I entered into this story, expecting an interactive story not unlike 1984. It certainly seems to start off that way. You play as a minor bureaucrat working in a huge government tower. People have been going mad lately, most recently your immediate supervisor - and the story begins with your having an appointment with the Grand Inquisitor.

Sounds interesting when you begin, and there are a few interesting puzzles, a couple of which I thought were a little unfair. The first is (Spoiler - click to show)what it takes to get into the Bureau of Records - (Spoiler - click to show)there are two solutions, both of which remind me of the kind of tough puzzles commonly hurled at players back at the time this piece was written. The second is (Spoiler - click to show)sabotaging the security system for the prison doors. In all likelihood, you'll have to backtrack at least once for an important clue or item, leaving someone waiting. To be fair, the author did write the story to make it impossible to get into an unwinnable state, and does give the player ample opportunity to avoid death, so you don't have to worry so much about save scumming.

At one point, you're faced with a choice whether to continue the story or let it end. If you slug it out to the end, you'll discover (Spoiler - click to show)there are no good endings. You can either die or spend the rest of your life in a mental hospital, where you will receive regular electroshock "treatment." So having ended the game halfway through is really the closest thing to a good ending there is.

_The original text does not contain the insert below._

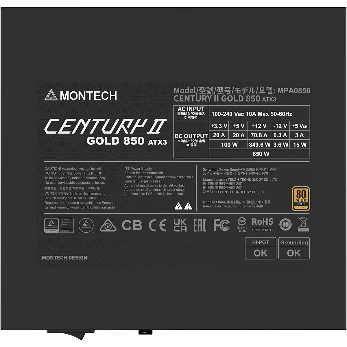 Montech Century II, 850W, 80PLUS Gold, ATX 3.1, PCIe 5.1

What I was hoping for in a true story of the Orwellian genre, was a large back story about how oppressed the citizens are and how thoroughly corrupt the government has become. There's hardly any of that here. Instead, you ultimately learn that the spreading madness (Spoiler - click to show)is fabricated by the Inquisitor himself, who is implanting people with Augmented Reality gear and projecting sounds and "three-dee" images that only one person hears or sees, and then using that as "evidence" of their loss of sanity and putting them away in the State Hospital. All that because (Spoiler - click to show)attendance at the public execution trials has been declining lately, and so all the time you spend in the latter part of the story, (Spoiler - click to show)breaking out of prison cells and running away from guards, was all staged in advance. You had become an unwitting contestant in a game show of life-or-death.

If the story had been advertised for what it is, and didn't lead me to believe it was an actual interactive struggle against a totalitarian regime, then I would have liked it better. The length of the game is just right in my opinion, not too short and not too long, and there aren't too many puzzles. It's worth a couple hours of your time, and that's all.